There's a birthday party my daughter has been invited to on the same day as a baby shower I am invited to. The times don't exactly overlap...except the fact that they are held in opposite directions and far apart from each other. What to do? Who gets to go to their party?
Without my friends, Emily would have lost out. I was a bit stressed out about the situation and my first impulse is to throw in the towel. Granted, I usually try ONE option before feeling this way, but it still isn't a good quality. So, my friends came through to enable attendance at both events.
I'm not one to leave Emily in the care of others. Her couple of near-death experiences in her young life leave me, perhaps, a little overly attached. So, today is not all fun and games. I get to do the "will my child survive without me" routine. I know she will, but I hide myself behind this question. Really, the question is, "will I survive without my child?"
Being a mother completely changes a person. Well, it at least did that to me. There is something that happens after giving birth that increases your capacity to love and care for others.
We watched "Charlie" the day. The first time I watched the movie, it did NOT affect me at all. However, being a mother, now I can't watch the movie without choking on my tears and emotions. It's the same feeling when I see people at the exits from the interstate with their signs. I tear up and practically suffocate on the situation. I can't help but thinking, "That's someone's mother/sister/daughter. How sad they are alone in this moment and seeking assistance from strangers!" I try to give some kind of help whenever I can, but it never alleviates that powerful emotion.

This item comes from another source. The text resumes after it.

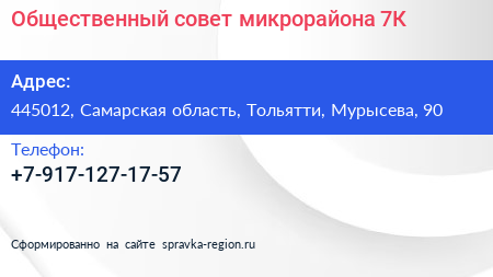 Общественный совет микрорайона №7К по адресу 445012, Самарская область, Тольятти, Мурысева, 90 в дальнейшем Организация, размещена в следующих категориях:

I know our Heavenly Father must experience a similar emotion as He watches all of us in this world. How do we treat our own family? How do we treat our extended family? How do we treat our friends and neighbors? How do we treat the strangers we have encountered? How do we respond to strangers we have never met and yet they need our assistance? The Gospel of Jesus Christ is all about teaching us to learn to love. It's just that being a mother helps me to get on the "fast track" to understanding the "whys" about love and true charity (the love of Christ). I'm so grateful to be a mom and to be on this path of trust that the Lord has given me.
1 comment:
Emily had a great time at the party! Thanks for letting her come even though it might have been a bit "traumatic" for you!!